No Title

1 - Osservatorio Astrofisico di Arcetri, INAF, Largo E. Fermi 5, 50125 Firenze, Italy
2 - California Institute of Technology, MC 105-24, 1200 East California Blvd., Pasadena CA 91125, USA
3 - Laboratoire d'Astrophysique de Grenoble, UMR 5571, Université Joseph Fourier/CNRS, BP 53, 38041 Grenoble Cedex 9, France
4 - ESO, Karl-Schwarschild Strasse 2, 85748 Garching bei München, Germany

Abstract
We investigate the origin of the near-infrared emission of the Herbig Ae star MWC 758 on sub-astronomical unit (AU) scales using spectrally dispersed low resolution (R=35) AMBER/VLTI interferometric observations in the H ( $1.7~\mu$ m) and K ( $2.2~\mu$ m) bands. We find that the K band visibilities and closure phases are consistent with the presence of a dusty disk inner rim located at the dust evaporation distance (0.4 AU) while the bulk of the H band emission arises within 0.1 AU from the central star. Comparing the observational results with theoretical model predictions, we suggest that the H band emission is dominated by an hot gaseous accretion disk.

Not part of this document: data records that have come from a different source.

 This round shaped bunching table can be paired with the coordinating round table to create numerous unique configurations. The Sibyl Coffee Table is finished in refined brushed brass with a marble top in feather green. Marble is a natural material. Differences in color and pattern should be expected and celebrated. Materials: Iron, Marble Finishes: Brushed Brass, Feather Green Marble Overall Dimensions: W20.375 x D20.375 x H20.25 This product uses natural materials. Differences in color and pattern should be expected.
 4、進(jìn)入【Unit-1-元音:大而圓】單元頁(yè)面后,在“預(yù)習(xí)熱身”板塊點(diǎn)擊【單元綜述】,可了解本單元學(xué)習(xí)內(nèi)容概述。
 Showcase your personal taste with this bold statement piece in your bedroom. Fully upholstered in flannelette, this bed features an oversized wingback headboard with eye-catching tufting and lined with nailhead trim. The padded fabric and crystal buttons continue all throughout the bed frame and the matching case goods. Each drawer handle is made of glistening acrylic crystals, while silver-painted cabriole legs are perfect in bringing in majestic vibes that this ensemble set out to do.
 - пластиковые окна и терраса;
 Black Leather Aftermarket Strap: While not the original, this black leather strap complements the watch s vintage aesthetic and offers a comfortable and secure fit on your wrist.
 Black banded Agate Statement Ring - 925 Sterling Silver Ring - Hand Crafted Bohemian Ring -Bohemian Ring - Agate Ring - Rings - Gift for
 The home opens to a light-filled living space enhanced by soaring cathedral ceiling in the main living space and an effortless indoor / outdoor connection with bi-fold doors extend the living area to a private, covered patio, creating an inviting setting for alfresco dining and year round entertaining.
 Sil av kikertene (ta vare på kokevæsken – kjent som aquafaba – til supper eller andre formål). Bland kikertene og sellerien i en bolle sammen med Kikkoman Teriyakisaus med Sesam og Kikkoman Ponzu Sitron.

Key words: accretion, accretion disks - techniques: interferometric - stars: planetary systems: protoplanetary disks

1 Introduction

The development of long baseline near-infrared (NIR) interferometry allows us to spatially resolve the emission of the innermost regions of disks around young pre-main sequence stars ( $\la$ 1 AU in the nearest star forming regions). These regions are important for an understanding of the star-disk interaction, the gas accretion process onto the star, and the launching of jets and winds. Moreover, planet formation is likely to be favored in the high density regions of the inner disk.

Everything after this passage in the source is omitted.